Chapitre 1 : Fluorescent Adolescent ( Arctic Monkeys ).

No spoil ! :)

Tic toc, tic toc...

L'incessante mélopée de l'horloge lui labourait le crâne. Il pouvait presque sentir les crissures d'un râteau imaginaire meurtrissant son cerveau ; et il souffrait, et il souffrait.

Il était avachi sur son bureau, se tenant la tête à deux mains. En vain essayait-il de calmer les élancements de douleur, vagues successives qui ne désemplissait pas d'importance.

Il espérait et attendait la fin de journée, ce moment où il ne serait plus obligé de faire semblant que tout allait bien. Non, sa santé n'était pas aussi bonne qu'elle paraissait être. Il n'était pas aussi joyeux que ce qu'il montrait. Tout ce qu'il souhaitait, à cet instant précis, c'était rentrer chez lui, s'écrouler sur son canapé souvenir de ses débuts dans la vie et de son économie alors précaire, et savourer le silence qui régnait dans son appartement. Un silence bienfaiteur, un mutisme de célibataire résistant et nomade. Le genre qui s'installe dans le quotidien d'un homme seul et petit à petit le persuade qu'un chez-soi silencieux valait bien un foyer familial.

Il profitait à ce que tous furent partis, pour baisser sa garde. La surface froide de son bureau calma instantanément la brûlure qui émanait de son front. La position était certes inconfortable, mas il ne voulait pas en changer.

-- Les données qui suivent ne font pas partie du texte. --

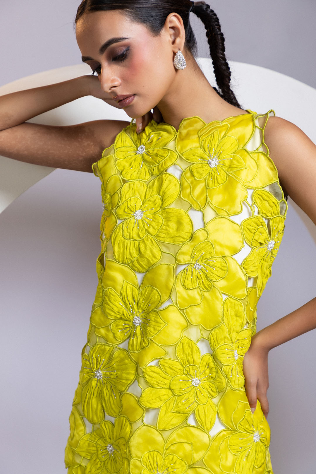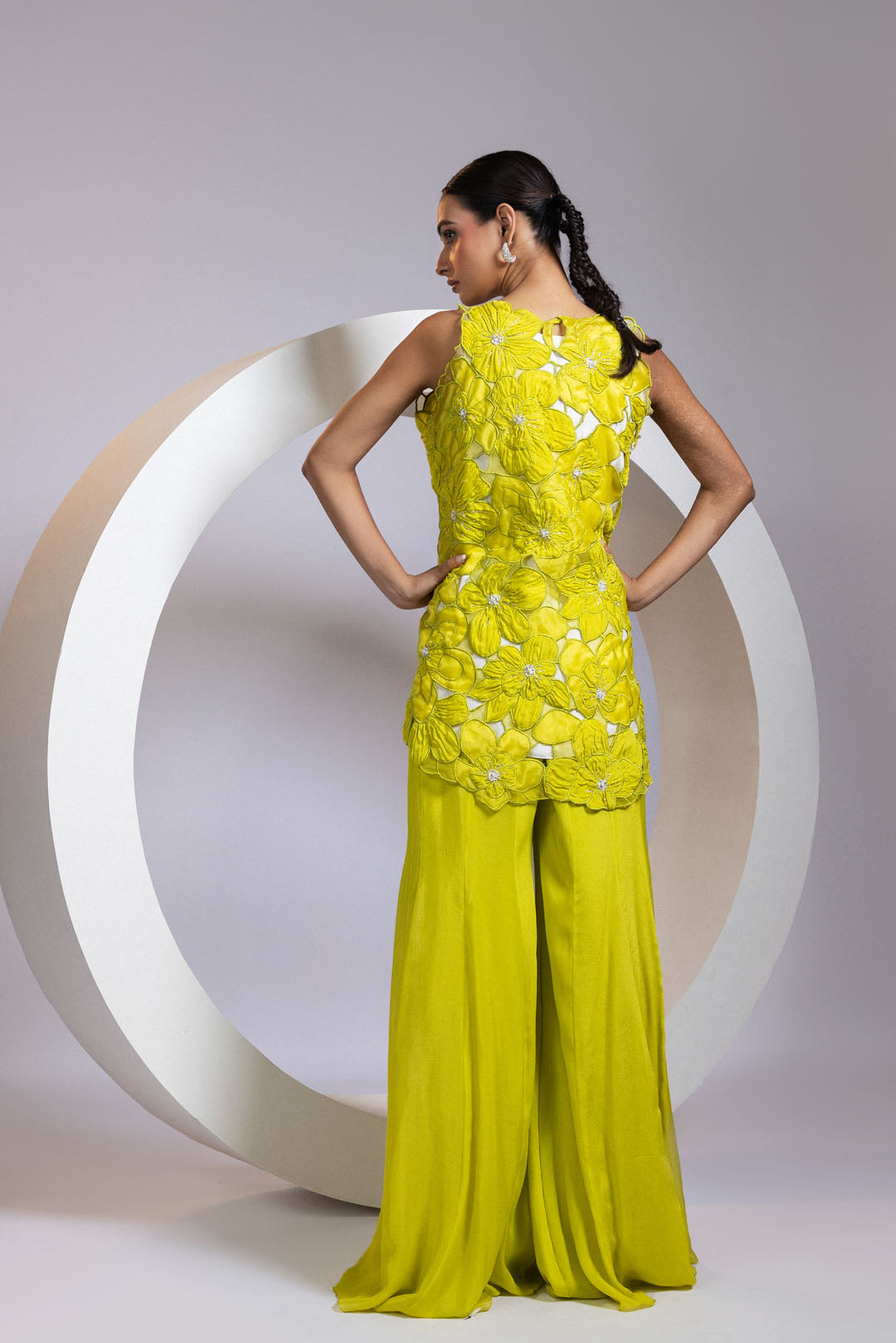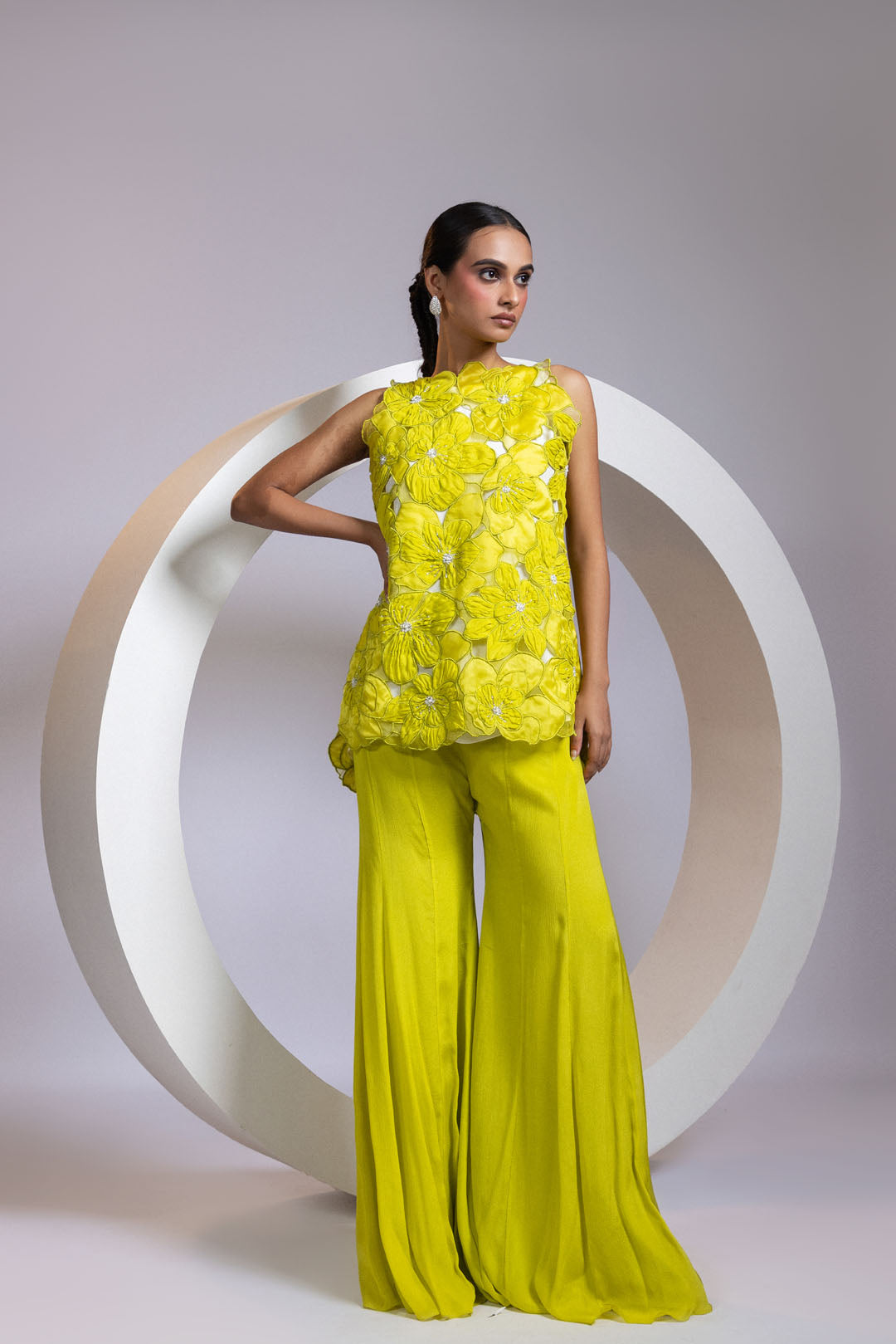 A three-piece coord set in chartreuse yellow, featuring a white inner layer and a statement cutwork top adorned with oversized 3D organza florals. Each bloom is finished with pearl clusters and fine beadwork for a soft, textured sparkle. Paired with wide-leg palazzo pants, the silhouette is crisp yet playful. A refreshing pick for daytime festivities and summer celebrations.
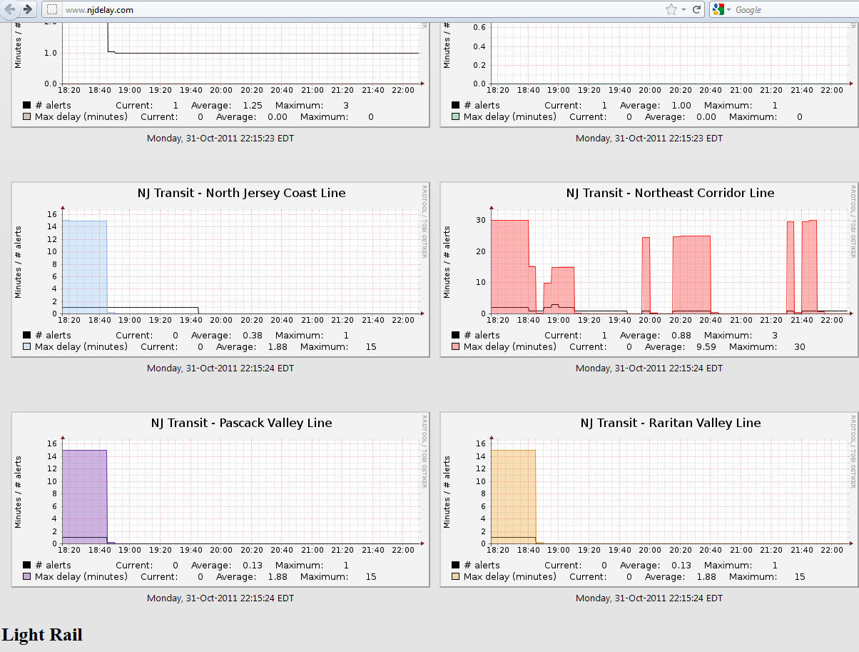 NJDelay is a historical delay and alert tracker for NJTransit buses, trains, and light rail lines. It is built using Cacti, Perl, and SSI coupled with mod_rewrite. Yes, I know Cacti. Yes, well enough to turn a system monitoring tool into something that can parse and plot train delays.
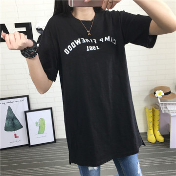 奧戴爾字母印花寬松中長(zhǎng)款T恤女短袖學(xué)生衛(wèi)衣潮純色打底衫批發(fā) /

Tous étaient partis, il restait cependant une personne, qu'il avait oublié de recenser. Ne s'en souvenait-il vraiment pas ? Il avait très bien remarqué sa présence, mais il ne la comptait pas dans les personnes auxquelles il cachait son état réel. Il ne voulait pas montrer de faiblesse face à Gibbs ou à McGee, il souhaitait leur apparaître solide, digne de confiance, fort, physiquement et mentalement. Il était Tony DiNozzo. Il ne voulait pas décevoir le premier, qui lui tenait lieu de père et de maître en même temps, doublement inaccessible. Mériter sa confiance, son estime. Il savait qu'une deuxième chance n'existait pas pour lui. Pour le second, il se sentait le grand frère, celui qui berce le cadet dans une sorte d'habitude, qui lui donne des repères. Le décevoir lui aussi était une autre de ses peurs. C'est pourquoi il gardait ce masque, qui lui ressemblait tellement. Ce costume était lui, mais pas à part entière.

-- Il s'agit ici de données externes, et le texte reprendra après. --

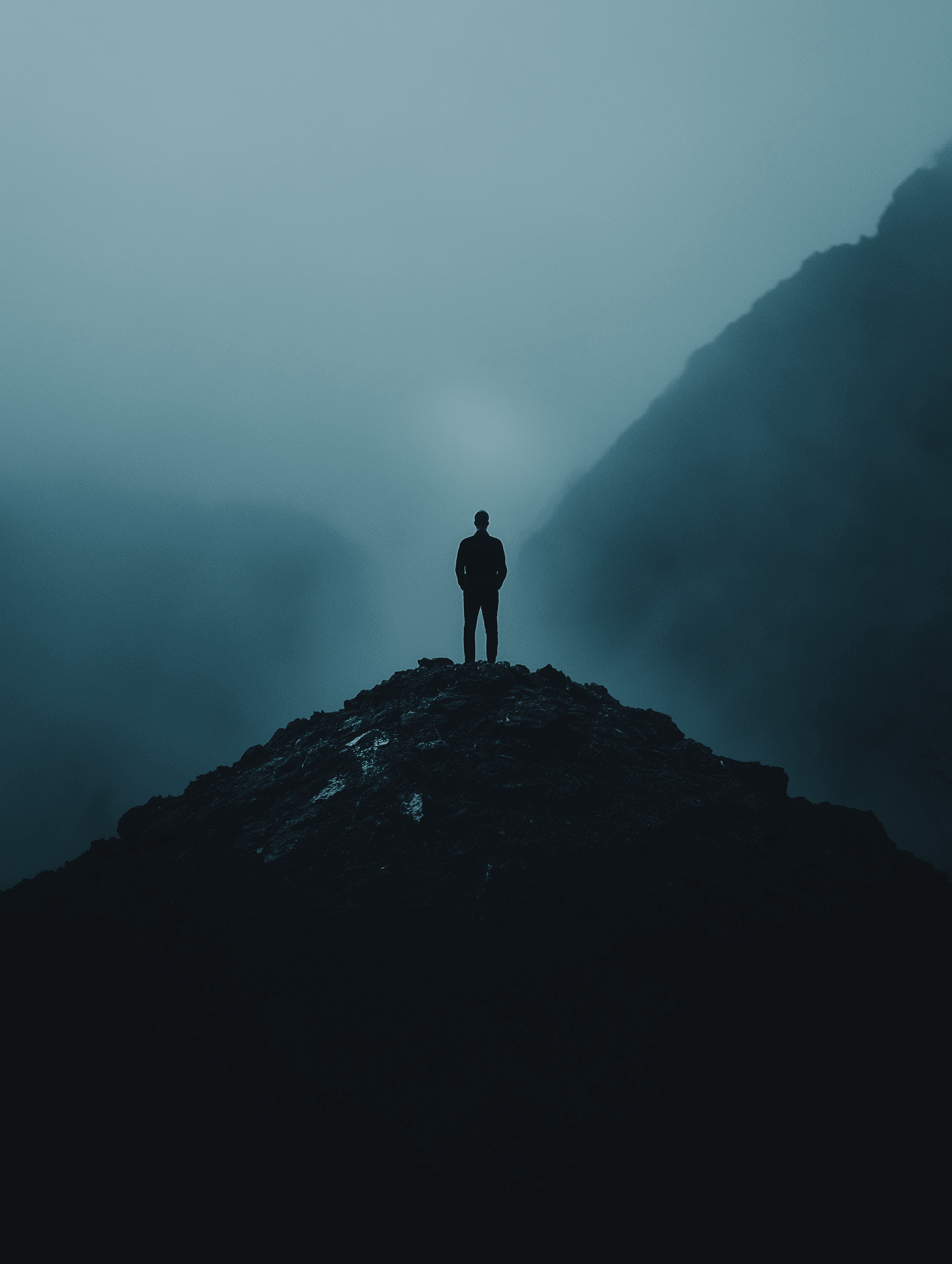 A person standing on a pile of coal, holding a delicate flower made of glowing light

Pour être vraiment lui, il aurait fallu qu'il reconnût ses peurs, qu'il les sélectionnât une à une, et y fît face. Mais il n'en était pas capable. Il n'avait pas eu le déclencheur, cette étincelle qui allume ces ténèbres environnantes et montre quelque chose de plus noir encore.

Il était désarmé face à elle, en cet instant. Il avait baissé le masque, un peu, en sa présence. C'était la seule, et il le faisait sans s'en rendre compte. Il se relaxait et dévoilait une partie de son âme, car il était fatigué. Le masque était lourd et encombrant, l'ôter ne serait-ce que quelques instants relevait du soulagement.

Pourquoi elle, spécifiquement ? Il ne savait pas, et ne s'était pas spécialement posé la question. C'était comme cela, point. C'était Ziva, celle qui voyait mais ne commentait pas. Délicate dans ses rapports aux autres. Oui, c'était Ziva, et il n'y avait pas grand-chose à dire. Peut-être parce que c'était une femme, et qu'elle comprenait mieux. Le fameux instinct féminin. Elle ne lui faisait rien remarquer, et c'était tant mieux.

« Qu'es-ce que tu as encore, Tony ? Ton bureau te murmure des mots doux à l'oreille ? »

Difficilement, ses paupières crispées se soulevèrent et il se passa quelques secondes avant qu'il ne reprît contact avec la réalité et se souvînt du lieu où il se trouvait. Les lumières dansaient, l'environnement qui l'entourait était flou. Il souffla, et parvint à redresser la tête, et la fixa d'un regard légèrement vitreux.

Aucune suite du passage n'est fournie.